So I’m with you on this. And that’s why Hirai is heroic to me. Because I’m a coward (by my standards), if I work somewhere that the dominant groupthink justifies immoral actions, I quit. Hirai didn’t quit. And didn’t shut up. Amazing! To me, that’s not unreasonable — it’s remarkable. And consider how qualified he was. He could have gone to work probably anywhere. He stuck around because he considered the battle an important one. How many lives did he save?
Incidentally, I believe there’s considerable government subsidy to nuclear power companies since otherwise, nuclear power is unprofitable. Because of liability risk. I can’t remember if that subsidy takes the form of helping them pay astronomical insurance premiums, or if it’s that they are given an exemption from insurance requirements. And no doubt it varies from country to country. Might be interesting to look into if you have the time. I poked around enough on radiation poisoning and nuclear mishaps that I really don’t want to do any more just now. That stuff’s terrifying!

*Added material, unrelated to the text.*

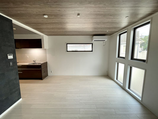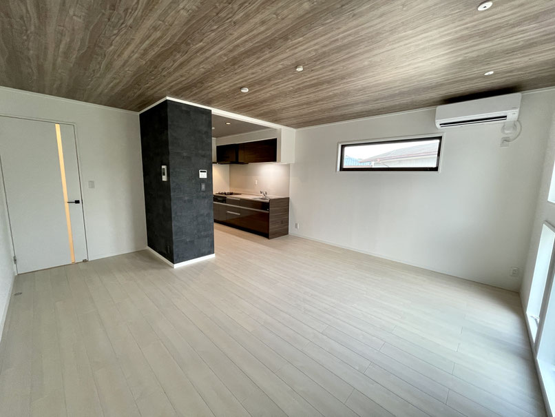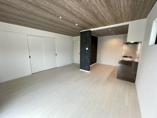 こちらはブラウン系のウッド調天井とホワイト系のウッド調フローリングが特徴的なLDK。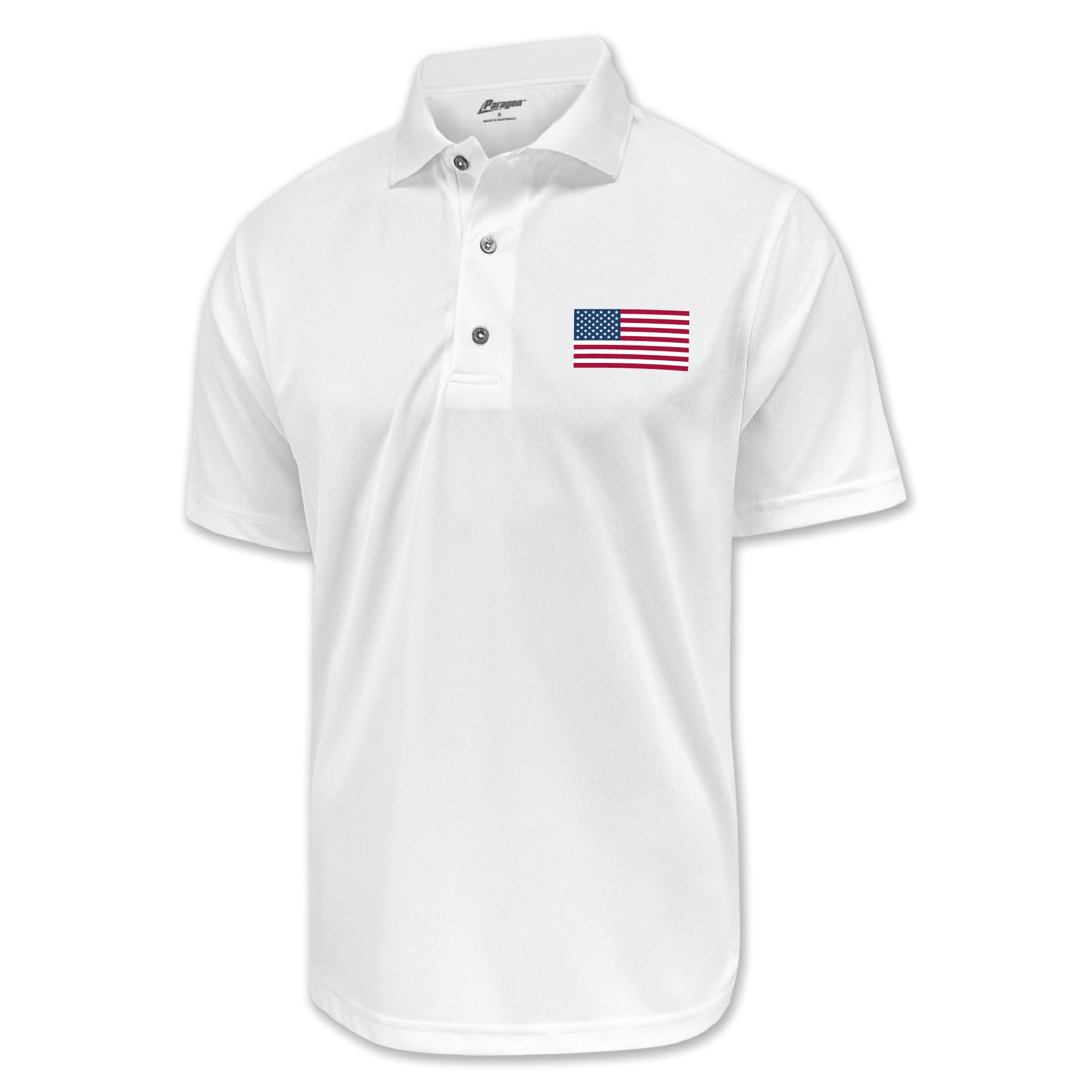 Show your patriotic pride in the USA Flag Performance Polo — crafted with moisture-wicking, breathable fabric and a sleek fit for all-day comfort. Finished with a bold flag design, it’s perfect for the course, the office, or any day in red, white, and blue.

Institutions have techniques for making dissenters appear unreasonable. In a way, this is true of every institution whether benevolent or not. But I’d really like our public conversations to move to a regime in which we say, with full confidence, “No. You are unreasonable”.
I’m pretty sure that there is heavy subsidy to all energy generators in every country, not just ones with potentially catastrophic liability. The ‘businesses’ involved are strongly in a habit of pretending otherwise, and they’ve been very successful especially in the U.S.A. This info has been available since roughly forever so I certainly don’t know how to change minds there.
Yeah, that is true.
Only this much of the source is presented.